Vector

Author:HostGIS
Revision:$Revision$
Date:$Date$
Last Updated:2008/08/08

Splitting your data

If you find yourself making several layers, all of them using the same dataset but filtering to only use some of the records, you could probably do it better. If the criteria are static, one approach is to pre-split the data.

The ogr2ogr utility can select on certain features from a datasource, and save them to a new data source. Thus, you can split your dataset into several smaller ones that are already effectively filtered, and remove the FILTER statement.

Shapefiles

Use shptree to generate a spatial index on your shapefile. This is quick and easy (“shptree foo.shp”) and generates a .qix file. MapServer will automagically detect an index and use it.

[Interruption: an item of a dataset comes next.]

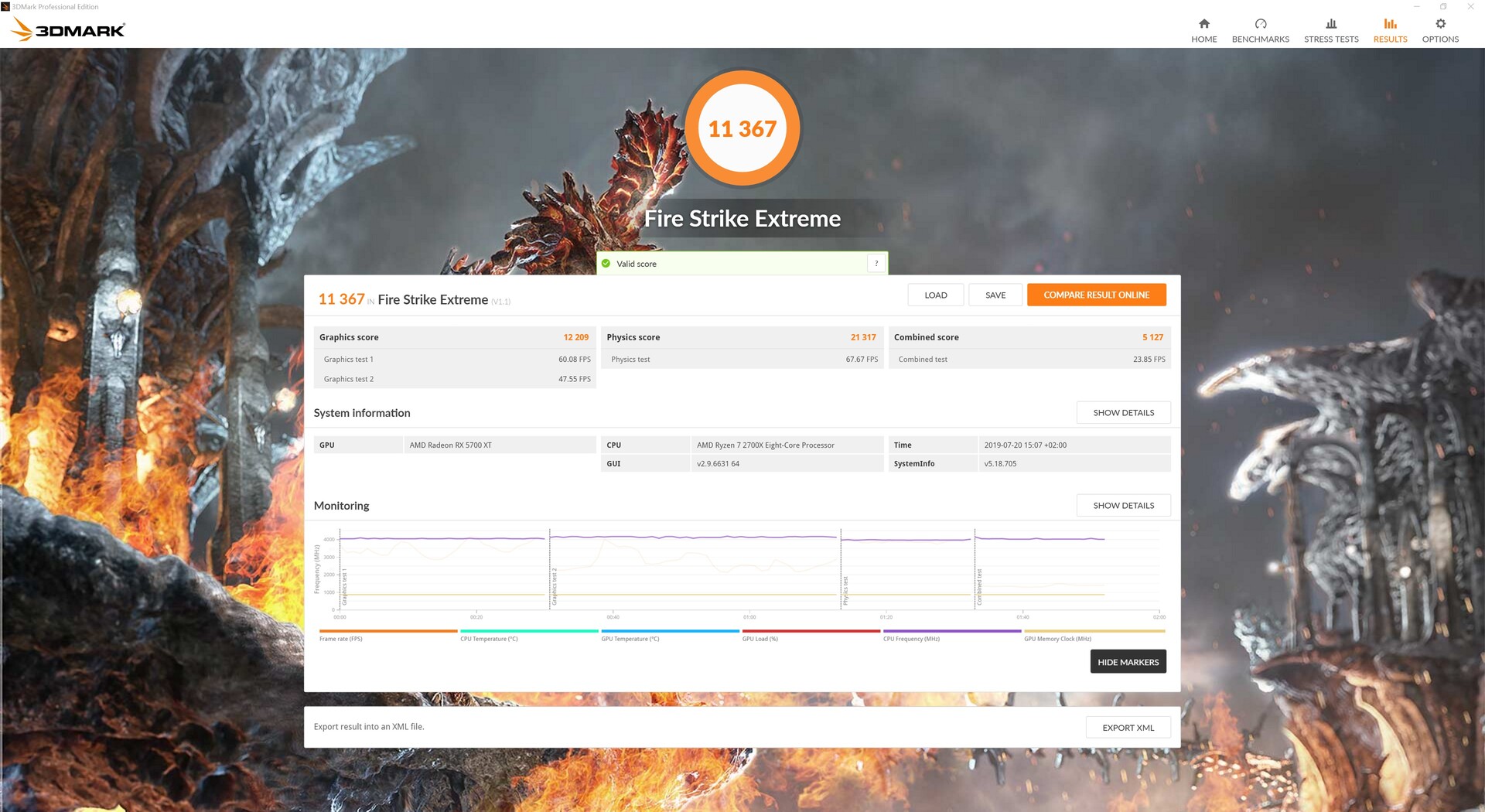 | 3DMark Fire Strike Extreme Score | 11367 Punkte | |

MapServer also comes with the sortshp utility. This reorganizes a shapefile, sorting it according to the values in one of its columns. If you’re commonly filtering by criteria and it’s almost always by a specific column, this can make the process slightly more efficient.

Although shapefiles are a very fast data format, PostGIS is pretty speedy as well, especially if you use indexes well and have memory to throw at caching.

PostGIS

The single biggest boost to performance is indexing. Make sure that there’s a GIST index on the geometry column, and each record should also have an indexed primary key. If you used shp2pgsql, then these statements should create the necessary indexes:

ALTER TABLE table ADD PRIMARY KEY (gid);
CREATE INDEX table_the_geom ON table (the_geom) USING GIST;

PostgreSQL also supports reorganizing the data in a table, such that it’s physically sorted by the index. This allows PostgreSQL to be much more efficient in reading the indexed data. Use the CLUSTER command, e.g.

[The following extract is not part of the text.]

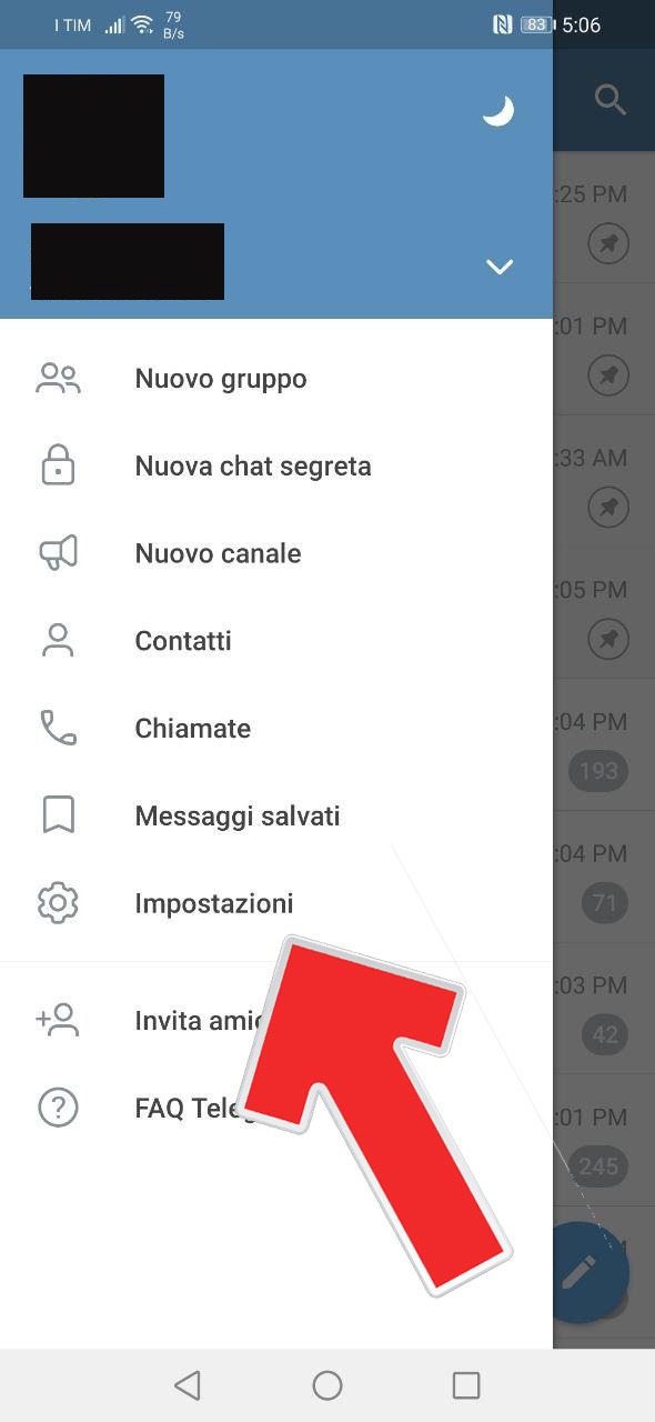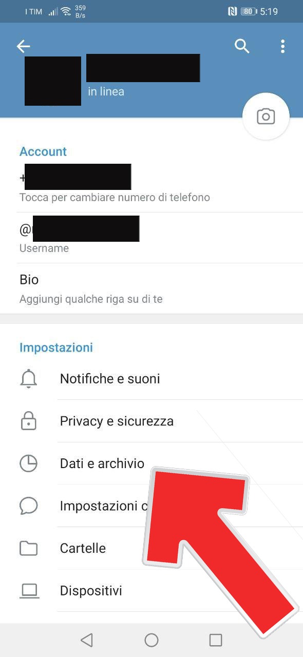 - Aprire Telegram e andare nelle Impostazioni

CLUSTER the_geom ON table;

Then there are numerous optimizations one can perform on the database server itself, aside from the geospatial component. The easiest is to increase max_buffers in the postgresql.conf file, which allows PostgreSQL to use more memory for caching. More information can be found at the PostgreSQL website.

Databases in General (PostGIS, Oracle, MySQL)

By default, MapServer opens and closes a new database connection for each database-driven layer in the mapfile. If you have several layers reading from the same database, this doesn’t make a lot of sense. And with some databases (Oracle) establishing connections takes enough time that it can become significant.

Try adding this line to your database layers:

PROCESSING "CLOSE_CONNECTION=DEFER"

This causes MapServer to not close the database connection for each layer until after it has finished processing the mapfile and this may shave a few seconds off of map generation times.